Arjun Pal Ji built a large Kund, which exists to this date and was one of the earliest large-scale, man-made sources of water in the area.

In 1927 Maharaja Bhom Pal Ji had improved roads constructed and established a power house. In 1947, Maharaja Ganesh Pal Ji had both the interior and exterior of the temple refurbished in marble. The current Maharaja, Krishna Chandra Pal Ji has also made several radical improvements and added multiple modern facilities. The courtyard has been expanded, and several additions made including the administrative block, the staff quarters, the Annapurna Canteen, a large pandal for waiting devotees, and demarcated channels to implement queues for darshan. New dharamshalas, Ram Bhavan and KansalBhavan, Mathurvaishy Dham have been built and some existing ones-SitaBhavan, Ratan Devi and the DholpurDharamshalahave been reconstructed.

Furthermore, under the aegis of the Kaila Devi Charitable Trust a hundred-bed hospital, the Kaila Devi Senior Secondary School with about 900 students, and a student's hostel have been set up and are progressing rapidly. A large dam on the Kalisil river has been repaired and expanded and two smaller dams have been constructed downstream.

== Design ==
It is a marble structure with a large courtyard and a checkered floor. Two statues are inside the temple.
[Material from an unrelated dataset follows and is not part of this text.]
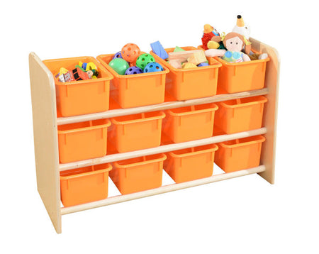 GREENGUARD Gold certified. Visible storage in a very attractive unit. Our unique design makes it fun to use for teachers & children. (12) orange pastel trays included. Constructed from Birch Plywood, and coated with our exclusive Tuff-Gloss™ UV finish. Fully rounded corners and edges for maximum safety. 21"H x 33"W x 14"D. Fully assembled. Lifetime warranty. Made in the U.S.A.

One is of Kaila Devi and one is of Chamunda Devi. They sit together. The larger is of Kaila Devi. Her head is slightly bent.

This temple consist of the palace of the Maharaja in its background.

==Festival ==
The annual festival of Kaila Devi is held at the village during Chaitra (Mar-Apr), lasting for a fortnight. Another attraction is the small temple dedicated to Bhairon, situated in the courtyard. Facing the shrine of Kaila Devi is a temple of Hanuman locally called 'Languriya'.

==Access==
Gangapur city is the nearest major railway station. Hindaun and Mahaveer Ji are other minor stations.

The site is approachable by road from Karauli, Hindaun City, Gangapur city and Shri Mahavirji. During the fair, RSRTC and private operators provide bus services and thousands of other vehicles to manage the flux of pilgrims.

The nearest airport is Jaipur Airport (170 km).

==Climate==
In summer from April to June the temperature reaches a maximum of 47 °C. and in winter season it reaches 12 °.